Reliability and Validity in Qualitative Studies By Marilyn Simon and Jim Goes Discussions about reliability and validity are ubiquitous in quantitative research, but these essential elements of confidence in the research often receive less attention and scrutiny in qualitative studies.

O3 O4 This design controls for all of the seven threats to validity described in detail so far. An explanation of how this design controls for these threats is below.

History--this is controlled in that the general history events which may have contributed to the O1 and O2 effects would also produce the O3 and O4 effects. This is true only if the experiment is run in a specific manner--meaning that you may not test the treatment and control groups at different times and in vastly different settings as these differences may effect the results.

Rather, you must test simultaneously the control and experimental groups. Intrasession history must also be taken into consideration. For example if the groups truly are run simultaneously, then there must be different experimenters involved, and the differences between the experimenters may contribute to effects.

A solution to history in this case is the randomization of experimental occasions--balanced in Challenges to validity and reliability of experimenter, time of day, week and etc. Maturation and testing--these are controlled in that they are manifested equally in both treatment and control groups.

Instrumentation--this is controlled where conditions control for intrasession history, especially where fixed tests are used. However when observers or interviewers are being used, there exists a potential for problems.

If there are insufficient observers to be randomly assigned to experimental conditions, the care must be taken to keep Challenges to validity and reliability observers ignorant of the purpose of the experiment.

Regression--this is controlled by the mean differences regardless of the extremety of scores or characteristics, if the treatment and control groups are randomly assigned from the same extreme pool. If this occurs, both groups will regress similarly, regardless of treatment.

Selection--this is controlled by randomization. Mortality--this was said to be controlled in this design, however upon reading the text, it seems it may or may not be controlled for.

Unless the mortality rate is equal in treatment and control groups, it is not possible to indicate with certainty that mortality did not contribute to the experiment results. Even when even mortality actually occurs, there remains a possibility of complex interactions which may make the effects drop-out rates differ between the two groups.

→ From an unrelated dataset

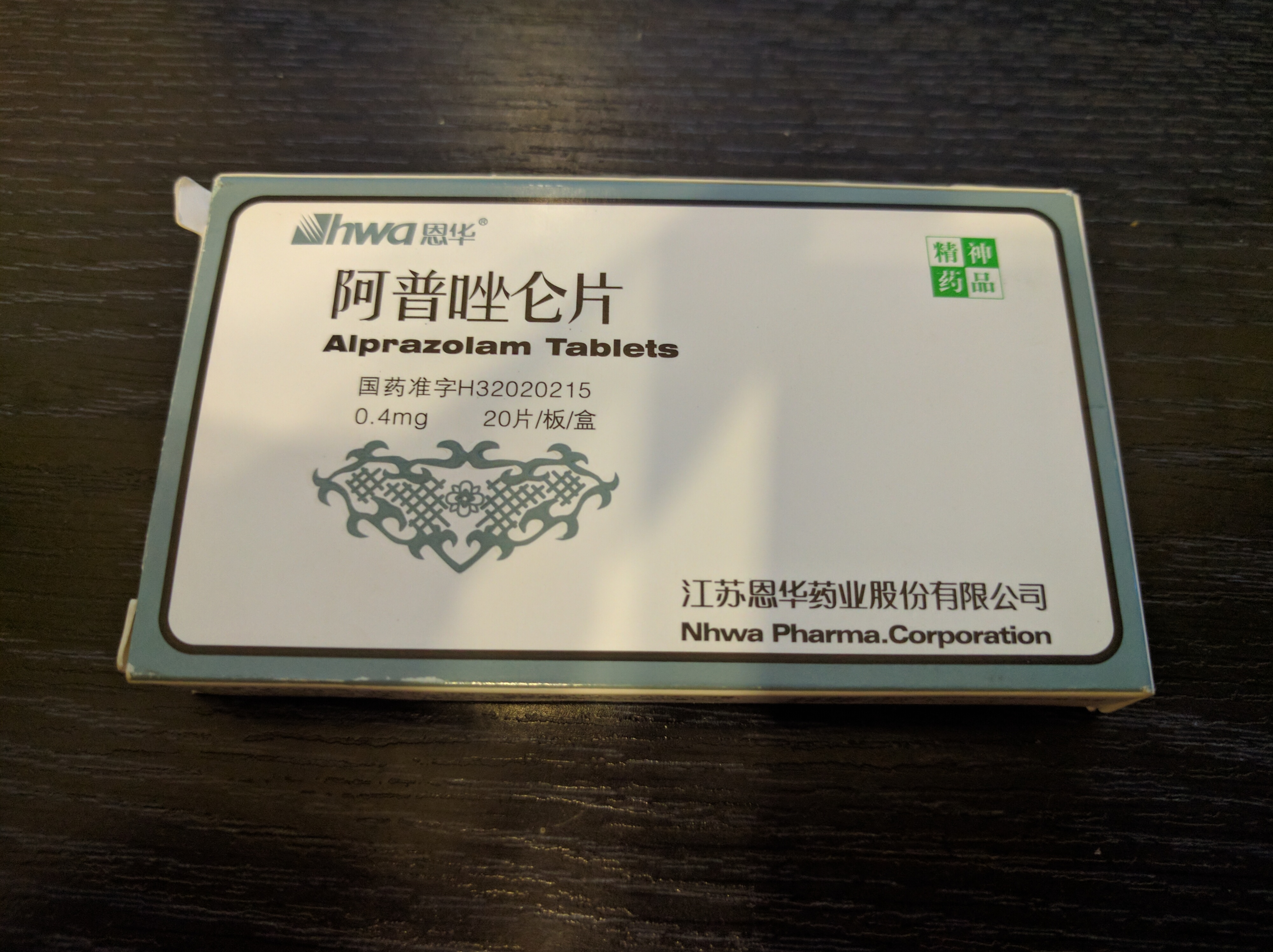 Alprazolam Tablets sales in Mainland China
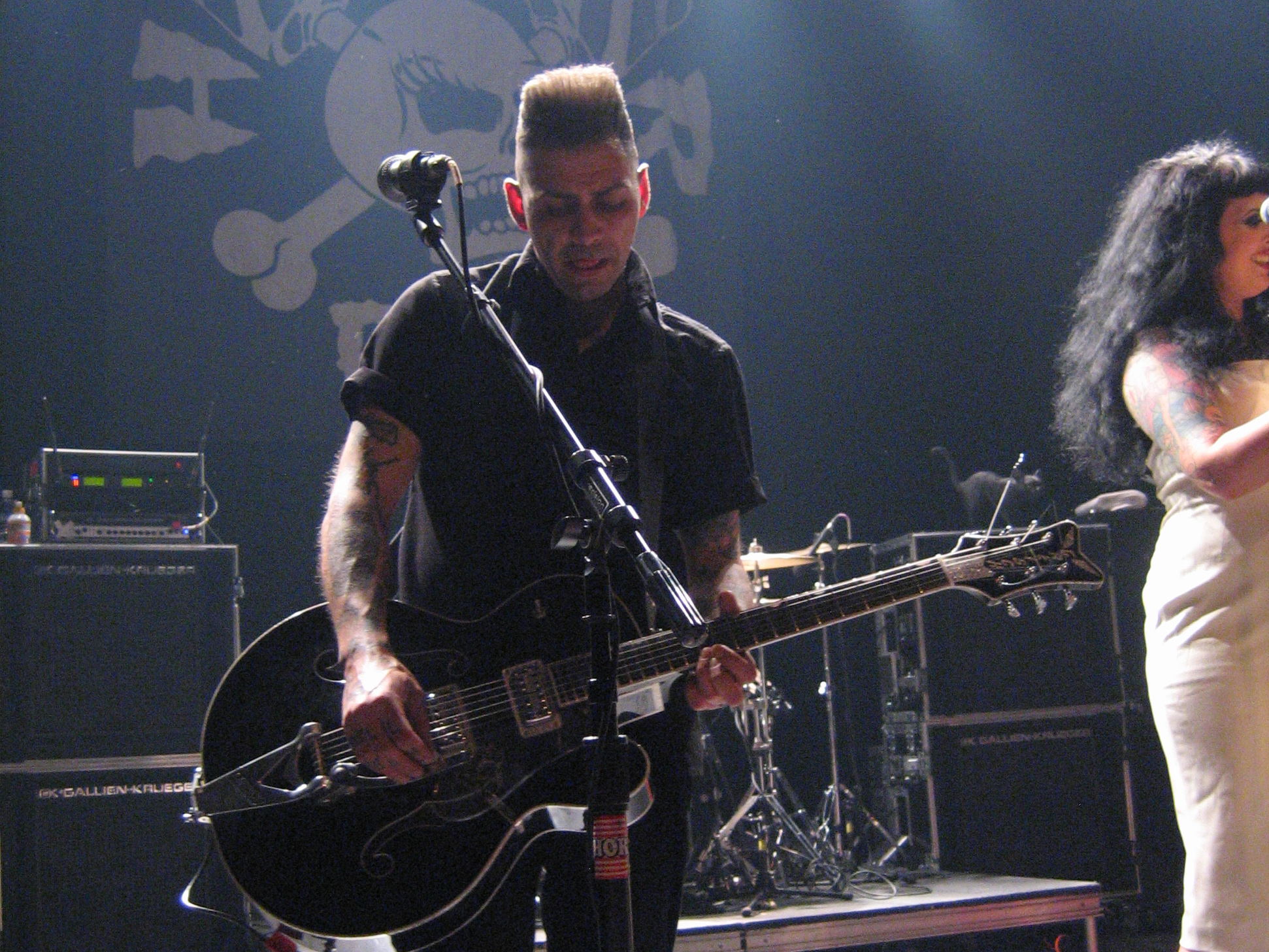 Kim Nekroman with HorrorPops

Conditions between the two groups must remain similar--for example, if the treatment group must attend treatment session, then the control group must also attend sessions where either not treatment occurs, or a "placebo" treatment occurs.

However even in this there remains possibilities of threats to validity. For example, even the presence of a "placebo" may contribute to an effect similar to the treatment, the placebo treatment must be somewhat believable and therefore may end up having similar results!

The factors described so far effect internal validity. These factors could produce changes which may be interpreted as the result of the treatment. These are called main effects which have been controlled in this design giving it internal validity. However, in this design, there are threats to external validity also called interaction effects because they involve the treatment and some other variable the interaction of which cause the threat to validity.

It is important to note here that external validity or generalizability always turns out to involve extrapolation into a realm not represented in one's sample.

In contrast, internal validity are solvable within the limits of the logic of probability statistics. This means that we can control for internal validity based on probability statistics within the experiment conducted, however, external validity or generalizability can not logically occur because we can't logically extrapolate to different conditions.


Hume's truism that induction or generalization is never fully justified logically. Interaction of testing and X--because the interaction between taking a pretest and the treatment itself may effect the results of the experimental group, it is desirable to use a design which does not use a pretest.

Interaction of selection and X--although selection is controlled for by randomly assigning subjects into experimental and control groups, there remains a possibility that the effects demonstrated hold true only for that population from which the experimental and control groups were selected.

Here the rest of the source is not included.